> [The problem]:
After locating "送料無料 スノーブーツ 防寒靴" in the listing below, copy that line and each one after it exactly, ending with the line that has "Мы работаем только".

> [Supplied records]:
........

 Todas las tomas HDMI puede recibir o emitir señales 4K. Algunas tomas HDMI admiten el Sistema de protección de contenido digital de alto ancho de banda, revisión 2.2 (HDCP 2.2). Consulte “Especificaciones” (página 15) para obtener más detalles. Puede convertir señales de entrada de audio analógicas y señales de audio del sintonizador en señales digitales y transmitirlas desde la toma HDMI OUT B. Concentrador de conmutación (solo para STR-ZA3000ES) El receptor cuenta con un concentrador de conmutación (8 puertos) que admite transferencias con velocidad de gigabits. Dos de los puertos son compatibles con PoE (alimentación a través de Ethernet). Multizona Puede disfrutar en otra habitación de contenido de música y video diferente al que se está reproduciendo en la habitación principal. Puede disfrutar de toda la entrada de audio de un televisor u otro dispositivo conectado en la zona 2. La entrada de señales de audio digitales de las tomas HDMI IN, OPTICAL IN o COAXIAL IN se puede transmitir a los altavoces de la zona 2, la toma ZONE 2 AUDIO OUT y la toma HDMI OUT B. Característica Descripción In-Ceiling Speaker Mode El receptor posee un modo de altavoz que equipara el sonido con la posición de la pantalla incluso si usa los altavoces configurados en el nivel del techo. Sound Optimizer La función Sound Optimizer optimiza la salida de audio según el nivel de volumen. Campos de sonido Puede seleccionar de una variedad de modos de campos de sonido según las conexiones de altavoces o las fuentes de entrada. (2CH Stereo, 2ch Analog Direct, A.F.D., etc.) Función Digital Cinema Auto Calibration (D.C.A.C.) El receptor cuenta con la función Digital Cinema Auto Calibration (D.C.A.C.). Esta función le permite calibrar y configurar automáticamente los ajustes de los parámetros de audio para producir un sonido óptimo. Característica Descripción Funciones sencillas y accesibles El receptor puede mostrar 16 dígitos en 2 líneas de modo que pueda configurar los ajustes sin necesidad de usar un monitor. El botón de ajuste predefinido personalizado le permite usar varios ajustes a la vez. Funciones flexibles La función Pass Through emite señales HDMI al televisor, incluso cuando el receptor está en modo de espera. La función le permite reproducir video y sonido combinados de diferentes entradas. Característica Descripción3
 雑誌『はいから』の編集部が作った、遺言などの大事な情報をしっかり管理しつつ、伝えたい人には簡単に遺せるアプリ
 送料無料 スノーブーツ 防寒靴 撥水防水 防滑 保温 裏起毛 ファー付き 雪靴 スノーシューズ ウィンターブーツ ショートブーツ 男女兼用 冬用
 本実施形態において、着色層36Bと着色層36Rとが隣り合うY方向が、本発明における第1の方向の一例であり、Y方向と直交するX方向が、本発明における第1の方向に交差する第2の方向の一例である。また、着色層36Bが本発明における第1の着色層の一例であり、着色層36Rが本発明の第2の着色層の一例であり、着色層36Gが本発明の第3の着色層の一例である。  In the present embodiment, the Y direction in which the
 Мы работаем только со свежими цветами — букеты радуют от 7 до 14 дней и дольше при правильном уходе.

........

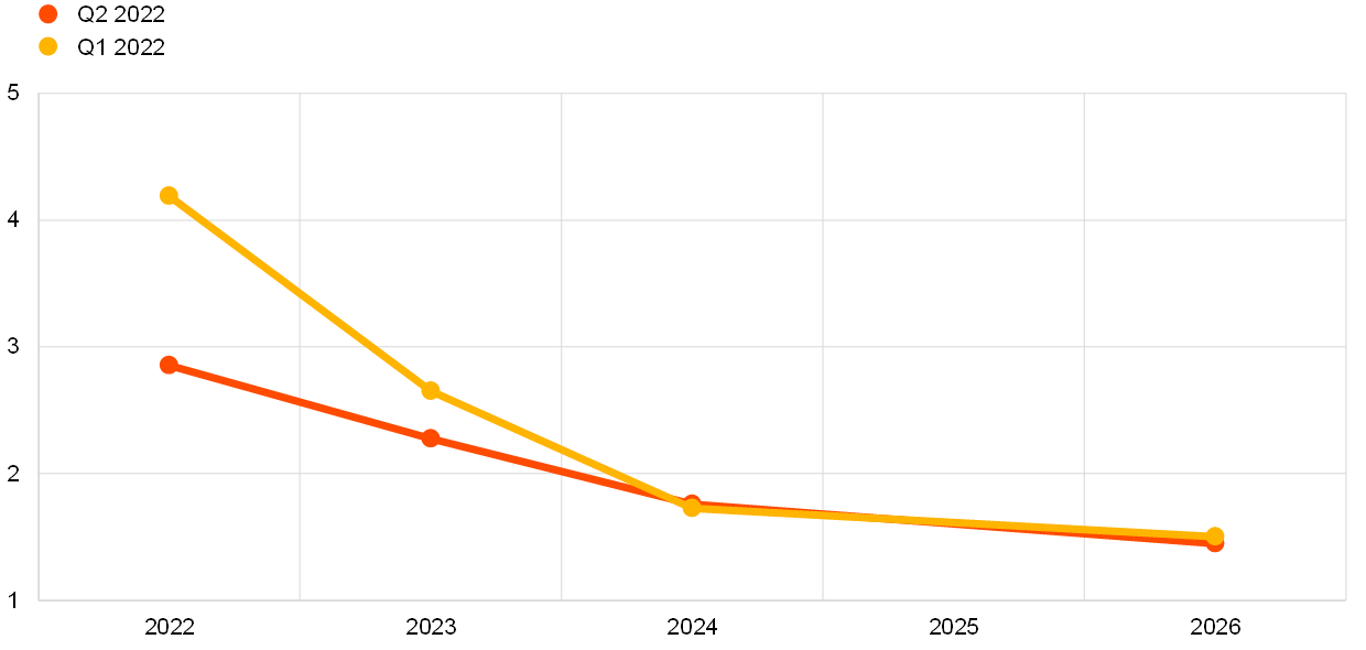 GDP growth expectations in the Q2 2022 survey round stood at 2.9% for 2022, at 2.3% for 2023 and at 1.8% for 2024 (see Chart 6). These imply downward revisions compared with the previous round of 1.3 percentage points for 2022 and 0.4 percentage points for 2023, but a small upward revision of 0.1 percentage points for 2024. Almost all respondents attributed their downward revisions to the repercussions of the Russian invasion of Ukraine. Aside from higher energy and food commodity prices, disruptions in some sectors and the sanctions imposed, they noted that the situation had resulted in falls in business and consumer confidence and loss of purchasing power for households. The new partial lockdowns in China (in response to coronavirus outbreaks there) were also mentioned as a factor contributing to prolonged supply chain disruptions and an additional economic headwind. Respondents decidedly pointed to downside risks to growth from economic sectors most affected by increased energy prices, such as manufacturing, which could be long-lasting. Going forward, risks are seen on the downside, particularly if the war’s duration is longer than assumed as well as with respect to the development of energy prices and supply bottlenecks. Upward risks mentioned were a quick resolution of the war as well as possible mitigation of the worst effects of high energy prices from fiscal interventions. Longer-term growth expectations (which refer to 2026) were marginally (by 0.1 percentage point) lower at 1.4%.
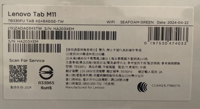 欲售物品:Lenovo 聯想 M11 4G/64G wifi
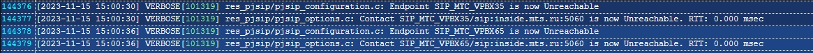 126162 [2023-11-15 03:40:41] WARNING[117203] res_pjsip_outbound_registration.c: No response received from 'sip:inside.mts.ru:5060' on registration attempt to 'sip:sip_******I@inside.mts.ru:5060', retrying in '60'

........

> [Answer to the problem]:
 送料無料 スノーブーツ 防寒靴 撥水防水 防滑 保温 裏起毛 ファー付き 雪靴 スノーシューズ ウィンターブーツ ショートブーツ 男女兼用 冬用
 本実施形態において、着色層36Bと着色層36Rとが隣り合うY方向が、本発明における第1の方向の一例であり、Y方向と直交するX方向が、本発明における第1の方向に交差する第2の方向の一例である。また、着色層36Bが本発明における第1の着色層の一例であり、着色層36Rが本発明の第2の着色層の一例であり、着色層36Gが本発明の第3の着色層の一例である。  In the present embodiment, the Y direction in which the
 Мы работаем только со свежими цветами — букеты радуют от 7 до 14 дней и дольше при правильном уходе.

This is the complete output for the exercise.